La señora Ubilda Santiago aprovechó la niebla de una madrugada de marzo para salir silenciosa de su casa con intención de llegar a Estados Unidos, tomara el tiempo que fuera.

Se agachó y dijo al oído Patricia, su hija de cuatro años, que no podía hacer ningún ruido ni hablar. Ambas salieron de su casa muy despacio. Era tal vez la última madre soltera de su pueblo en marcharse para siempre, con tal de huir de los abusos de pandilleros armados.

“Tenía mucho miedo”, Platicó la madre de 27 años, “si nos hubieran descubierto nos habría ido muy mal”.

Todavía madre e hija tenían que llegar hasta donde un autobús hacía parada en la zona rural del departamento de la Baja Verapaz de Guatemala. De ahí, si todo salía bien y no asaltaban el autobús en el camino, tenían que abordar otro transporte a la capital, de la ciudad de Guatemala uno más a la frontera con México, siempre entre ruegos al cielo de que en el camino no fueran a interceptar las pandillas.

Pero ahí apenas comenzaba lo más difícil: cruzar a México con su niña sin ser vistas, y avanzar unos 4,000 kilómetros entre nuevos ruegos al cielo, de que tampoco las fueran a detener oficiales mexicanos de migración.

La migración mexicana, dijo, “no nos quita dinero, pero nos regresa a Guatemala, y hay que comenzar otra vez de cero”.

El escaso dinero que tenían en quetzales al salir de su casa se hizo todavía menos al cambiarlo a pesos mexicanos, pero no tenían más remedio que administrarlo y ahorrar todo lo posible; no sabían cuándo podrían llegar a la frontera con Estados Unidos, y una vez ahí tampoco imaginaban cuánto tardarían en que se les aceptara para entrevista de autoridades estadunidenses de migración.

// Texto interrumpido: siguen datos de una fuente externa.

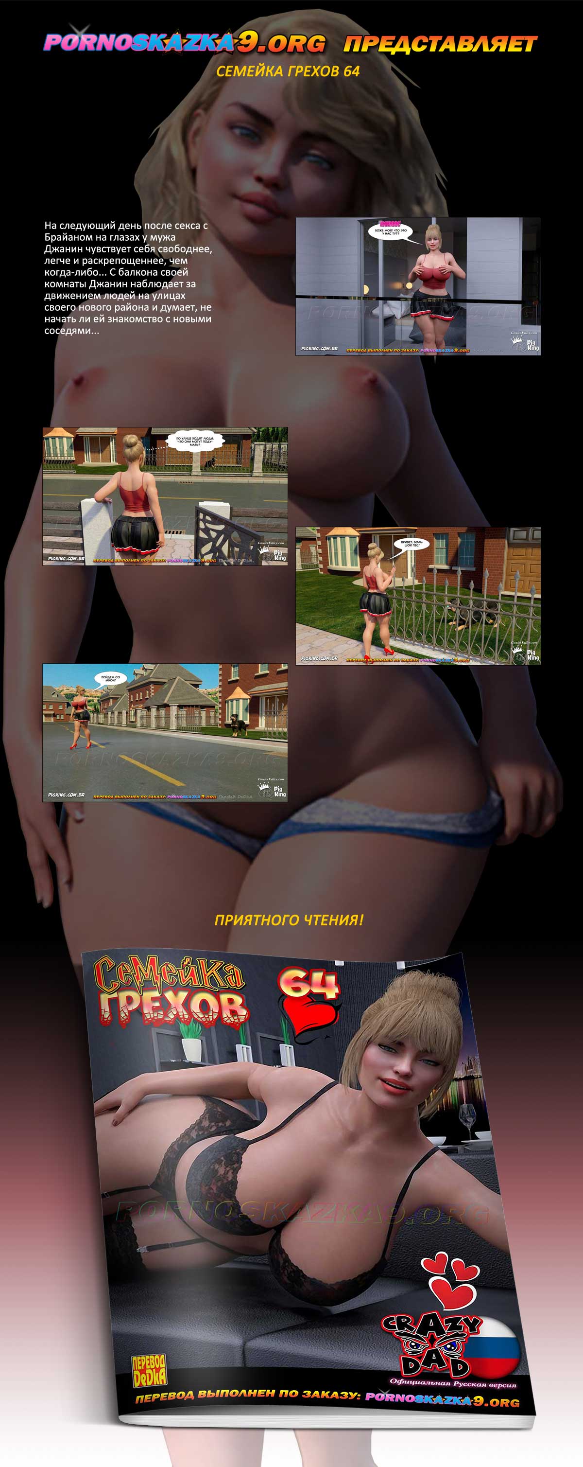 Порно комикс «Семейка грехов. Часть 64.» На следующий день после секса с Брайаном на глазах у мужа Джанин чувствует себя свободнее, легче и раскрепощеннее, чем когда-либо… С балкона своей комнаты Джанин наблюдает за движением людей на улицах своего нового района и думает, не начать ли ей знакомство с новыми соседями…

Ubilda y Patricia estaban a mediados de junio en una pequeña área verde entre carriles de vehículos que se dirigían al condado de San Diego por la garita de San Ysidro.

Llevaban ahí tres días y en sus rostros demacrados, cansados, se notaba que casi no habían podido dormir y menos comer. El dinero en pesos hacía días que se había agotado. Siguieron gracias a personas caritativas y cerca de la garita entre otros cientos de personas que buscaban refugio la señora Ubilda explicó por qué tuvo que huir.

En su pueblo que no quiere nombrar directamente porque la van a reconocer, todas las madres solteras y mujeres solas han huido de la violencia y el abuso de pandilleros. Piensa que las pandillas se comunican como una federación internacional.

“No nos ven como seres humanos, sino como carne; un día les daría l mismo si nos matan”, y eso no es lo que quisiera para su pequeña Patricia.

De su pueblo a San Ysidro hay unos 4,500 kilómetros. Dijo que por fin después de tanto viajar, esconderse, rogar al cielo, comer y dormir a medias iban a encontrar ayuda y después a explicar su historia a oficiales de migración estadunidenses.

Hasta donde estaban a unos 300 metros de la garita llegaron unidades del Ejército de Salvación para transportar a Ubilda y Patricia y decenas más a un refugio temporal mientras el gobierno de Estados Unidos les asignaba día y hora para escuchar su caso.

Al subir al vehículo la señora Santiago sintió por fin tranquilidad. Si llegamos hasta aquí con esfuerzo, para mí es una señal, dijo.

Se fueron demacradas y ojerosas pero madre e hija iban abrazadas en el vehículo; la señora incluso sonrió. Las maras guatemaltecas quedaban atrás.